Changing your diet to a healthy option, filled with vitamins, minerals, fresh fruits and vegetables, and cutting down high fat foods and excessive sugar, may help to reduce cellulite, but it will also do you the world of good in terms of your general health and wellbeing.
It is thought that people who eat diets which are higher in carbs and fats, and those who also eat a lot of salt and not much in the way of fiber are certainly more likely to get cellulite formation at some point, mainly because that is the epitome of an unhealthy diet.
Studies have also suggested that smokers are a higher risk of developing cellulite, as well as those who live sedentary lifestyles, e.g. those who sit for long periods of time.
If you work in an office and you have no choice but to sit at your desk for a set number of hours a day, it’s a good idea to ensure you get up and move around as much as possible, try and do some desk exercises whilst you’re sitting, and certainly make the most of your down time, by incorporating exercise on a regular basis.
again, making sure you’re not smoking and that you’re eating a healthy diet, as well as drinking plenty of water, should also help you out.
It might also be about what you wear.
It is thought that wearing underwear which is quite tight around the buttocks might impair blood flow, and therefore mean you have a higher chance of developing cellulite.
In that case, make sure that your underwear isn’t cutting into your skin and that it is only as tight as it really needs to be!
If you already have cellulite, and many people do, then remember that it is not going to harm your health.

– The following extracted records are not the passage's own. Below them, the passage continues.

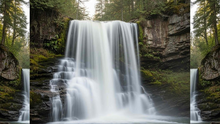 Experience the stunning beauty of a serene waterfall cascading through a lush green forest under soft morning light, creating a tranquil atmosphere in nature.
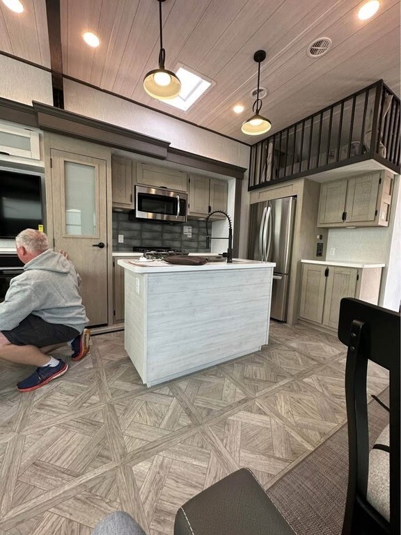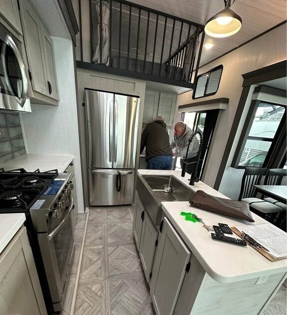 2024 Forest River Wildwood Grand Lodge 42DL Destination Trailer For Sale in Mason City, IA 50401 This Forest River has an overall length of 42 feet and comes equipped with 3 power-retractable slide-outs, a 20-foot power awning, 2 A/C units, a fireplace, a loft, and plenty of room to sleep 7. This unit has been well-maintained. Kitchen/Living Area Features 4-Burner Insignia Stove/Oven Microwave Oven Residential Fridge/Freezer Sink & Faucet on Island Walk-In Pantry Table & Chairs TV Electric Fireplace
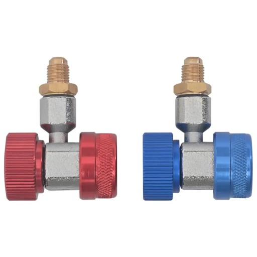 Te łatwe w użyciu szybkozłącza służą do podłączania złączki węża 1/4" SAE do samochodowego zbiornika chłodniczego R134A. Najwyższej jakości wykonanie zapewnia łatwą konserwację, trwałość, a także odporność na korozję. Dwa dodatkowe złącza mogą połączyć zawór i gwinty wewnątrz, dzięki czemu można łatwo włączyć/wyłączyć i uniknąć wycieku freonu. Zestaw jest łatwy w obsłudze, wystarczy podłączyć dolne części do portu serwisowego R134A, połączyć adapter ACME z wężem czynnika chłodniczego i włączyć/wyłączyć przełącznik u góry. Przesyłka obejmuje niebieskie szybkozłącze na stronę niskiego ciśnienia i czerwone na stronę wysokiego ciśnienia.

The only reason you should consider doing something to reduce the appearance of your cellulite is if it is causing you harm in terms of your confidence.

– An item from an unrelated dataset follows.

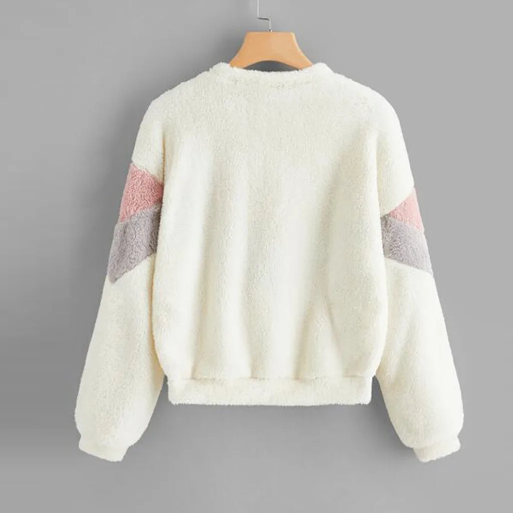 Модные женские пушистые топы с круглым вырезом и длинными рукавами в стиле пэчворкОсобенности:

Nobody should feel they have to avoid the beach or pool because of cellulite.
In that case, there are many options you can look into, including Retinol products (never use during pregnancy) and laser-based treatments.
Living a healthier life in general can help to reduce your risk factors and if you are overweight, looking to bring your weight down to a healthier level may also give you a greater chance of reducing the cellulite you have, and certainly avoiding developing more in the future.
Cellulite is far more likely to occur after around 25 years of age, but that’s not to say that teenagers can’t develop it too.
It seems that this is a condition that nobody is really 100% sure about, but we do know that it’s upsetting for many people who have it.
Read more about Cellulite
- Cellulite: Causes, Prevention, Myths, Facts and Treatment
- 13 Best Foods to Get Rid of Cellulite (And What to Avoid)
- 20 Simple Exercises to Get Rid of Cellulite (Buttocks, Thighs and Legs)
- 5 Misconceptions You Might Be Believing About Cellulite
- 7 Best Cellulite Massagers that Help Reduce Cellulite
- Does Cellulite Cream Really Work? An Evidence Based Guide
- Cellulite Treatment: Does it Work? Is it Worth the Investment?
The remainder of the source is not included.